WORK ITEM: Below are records; reproduce exactly the lines from the one that has "این اے 125 میں" through the one that has "O Rack Charlotte", ends included, and nothing more.

DATA SHOWN:
*** Begin section ***
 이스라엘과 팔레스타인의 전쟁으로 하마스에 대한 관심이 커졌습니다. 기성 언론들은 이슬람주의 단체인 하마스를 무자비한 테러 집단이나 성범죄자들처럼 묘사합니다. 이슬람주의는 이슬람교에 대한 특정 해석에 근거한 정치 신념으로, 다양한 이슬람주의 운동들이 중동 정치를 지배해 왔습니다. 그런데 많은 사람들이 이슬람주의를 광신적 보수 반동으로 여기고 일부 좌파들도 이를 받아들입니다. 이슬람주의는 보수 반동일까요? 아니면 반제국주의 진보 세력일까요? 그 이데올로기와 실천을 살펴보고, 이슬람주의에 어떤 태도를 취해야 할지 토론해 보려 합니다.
*** End section ***
*** Begin section ***
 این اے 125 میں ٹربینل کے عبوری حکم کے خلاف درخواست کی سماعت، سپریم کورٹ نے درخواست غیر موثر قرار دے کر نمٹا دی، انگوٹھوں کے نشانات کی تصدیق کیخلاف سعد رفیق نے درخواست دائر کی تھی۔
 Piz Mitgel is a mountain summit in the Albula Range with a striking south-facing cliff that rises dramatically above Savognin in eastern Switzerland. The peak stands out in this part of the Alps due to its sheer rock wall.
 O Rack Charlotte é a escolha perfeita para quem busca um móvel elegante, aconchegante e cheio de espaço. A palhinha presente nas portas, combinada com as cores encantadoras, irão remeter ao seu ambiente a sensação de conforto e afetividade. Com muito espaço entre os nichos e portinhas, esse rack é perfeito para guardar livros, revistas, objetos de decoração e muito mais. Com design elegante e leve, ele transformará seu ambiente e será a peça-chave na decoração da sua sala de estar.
*** End section ***
*** Begin section ***
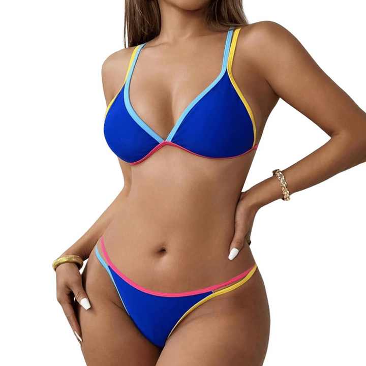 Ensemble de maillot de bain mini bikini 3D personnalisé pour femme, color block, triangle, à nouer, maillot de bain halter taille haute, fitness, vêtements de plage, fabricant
*** End section ***
OUTPUT:
 این اے 125 میں ٹربینل کے عبوری حکم کے خلاف درخواست کی سماعت، سپریم کورٹ نے درخواست غیر موثر قرار دے کر نمٹا دی، انگوٹھوں کے نشانات کی تصدیق کیخلاف سعد رفیق نے درخواست دائر کی تھی۔
 Piz Mitgel is a mountain summit in the Albula Range with a striking south-facing cliff that rises dramatically above Savognin in eastern Switzerland. The peak stands out in this part of the Alps due to its sheer rock wall.
 O Rack Charlotte é a escolha perfeita para quem busca um móvel elegante, aconchegante e cheio de espaço. A palhinha presente nas portas, combinada com as cores encantadoras, irão remeter ao seu ambiente a sensação de conforto e afetividade. Com muito espaço entre os nichos e portinhas, esse rack é perfeito para guardar livros, revistas, objetos de decoração e muito mais. Com design elegante e leve, ele transformará seu ambiente e será a peça-chave na decoração da sua sala de estar.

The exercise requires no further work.